Although differences in this study were small, they were robust, surviving stringent multiple‐testing correction. A hypermethylation score constructed from the 1,056 significant CpG sites predicted RA case status with an AUC of 73%, and awaits validation in an independent data set. The hypermethylation score based on the 830 CpG sites with significance at P < 0.05 after adjustment for smoking, age, and batch in the logistic regression models had a similar AUC, of 71.8%, suggesting that the score was not strongly influenced by these covariates. The hypermethylation score calculated using the 79 CpG sites with significance at P < 0.05 after adjustment for smoking, age, batch, and ReFACTor PC1 in the logistic regression models had a slightly higher AUC, of 80.7%, suggesting that adjustment for possible cell substructure may improve the ability of our FLS CpG site score to serve as a biomarker for RA. Because DNA methylation was measured subsequent to the diagnosis of RA, we cannot determine with certainty whether the FLS methylation signature in the CD4+ naive T cells is predictive of an RA diagnosis or is a biomarker of the disease process.
One of the top 10 replicated sites (those with the most significant P values) in CD4+ naive T cells, cg21480173, was found in the gene TYK2, which has been associated with RA and other autoimmune diseases 40. The remaining 9 top hits were found in the following genes: PRKAR1B, ABCC4, COMT, CAI2, MCF2L, GALNT9, C7orf50, or non‐gene regions, which have not been previously associated with RA. These results demonstrate that novel genes related to RA may be discovered through DNA methylation analysis. We also observed differential methylation in CpG sites that reside in genes that have previously been associated with RA 4. For example, 2 of the CpGs reside in the promoter regions for both GATA3 and GATA3‐AS1 (cg17566118 and cg15852223), and both are hypomethylated in RA patients relative to controls. It is important to note that our results were not due to genetic variation or to genetic ancestry differences between RA patients and controls.

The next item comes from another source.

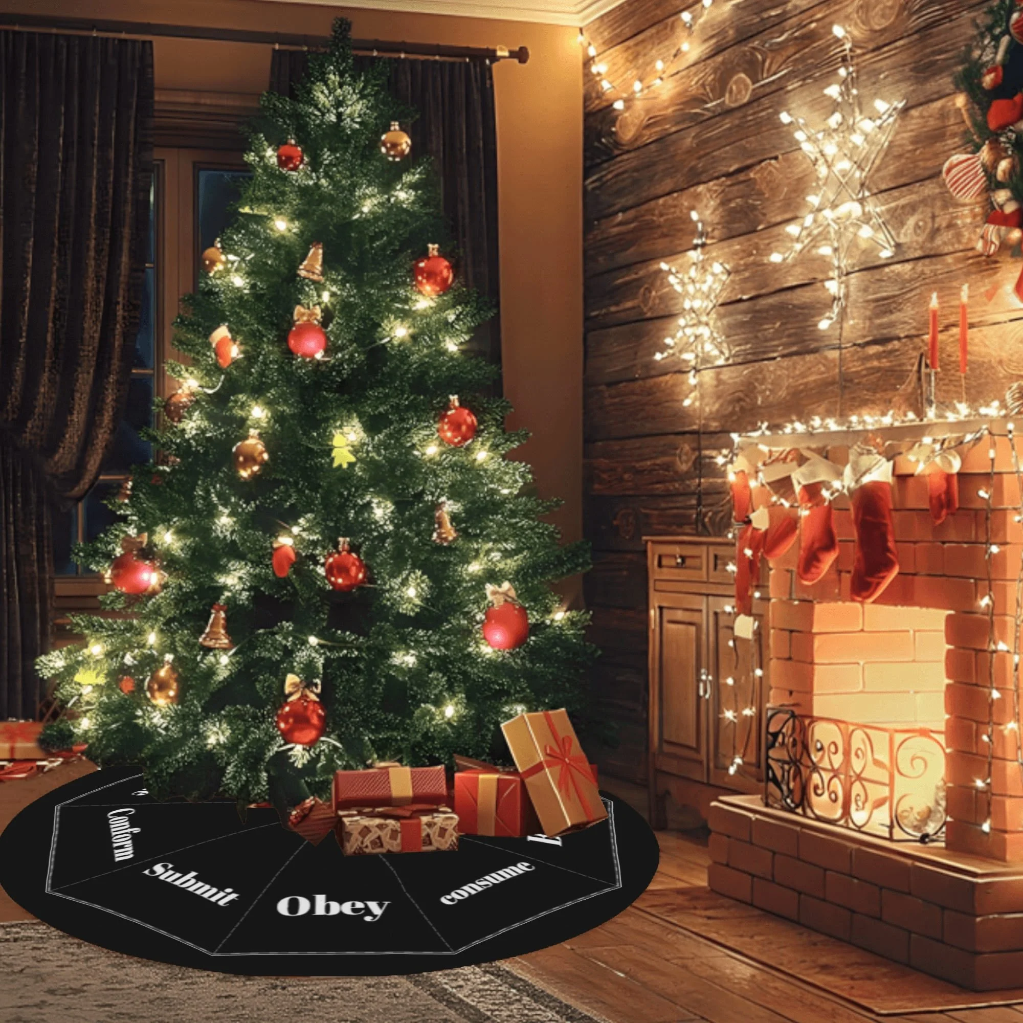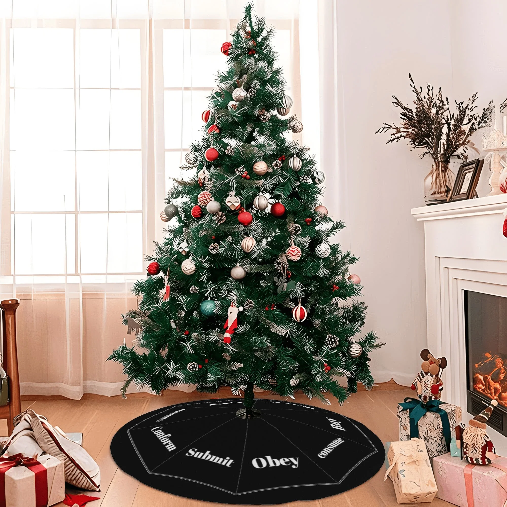 Merry Christmas Tree Skirt for Xmas Decor Home Decorative with Inspirational Messages Printed Festive Holiday Decoration and 3 Sizes ! Suits for most size of Christmas Trees, and you can put the gifts you like on the tree skirt to add more festive feature.

The lack of significant findings in cell types other than CD4+ naive T cells suggests that CD4+ naive T cells are particularly relevant to RA through epigenetic mechanisms involving DNA methylation. There is strong evidence from previous studies that aberrant T cell activation pathways are involved in the pathogenesis of RA, including in the naive T cell population, which has not yet participated in immune responses 41. CD4+ naive T cells from RA patients have been shown 1) to have premature senescence, 2) to be defective in up‐regulating telomerase due to deficiencies in the telomerase component human telomerase reverse transcriptase, 3) to have increased DNA damage load and increased rates of apoptosis, 4) to be unable to metabolize amounts of glucose equal to those metabolized by healthy control cells of the same age, and 5) to generate lower amounts of ATP 42, 43, 44, 45. Although our methylation findings need to be replicated, the striking findings in CD4+ naive T cells and the existing literature on abnormalities in this cell population in RA suggest that the methylation changes observed may be involved in disease pathogenesis.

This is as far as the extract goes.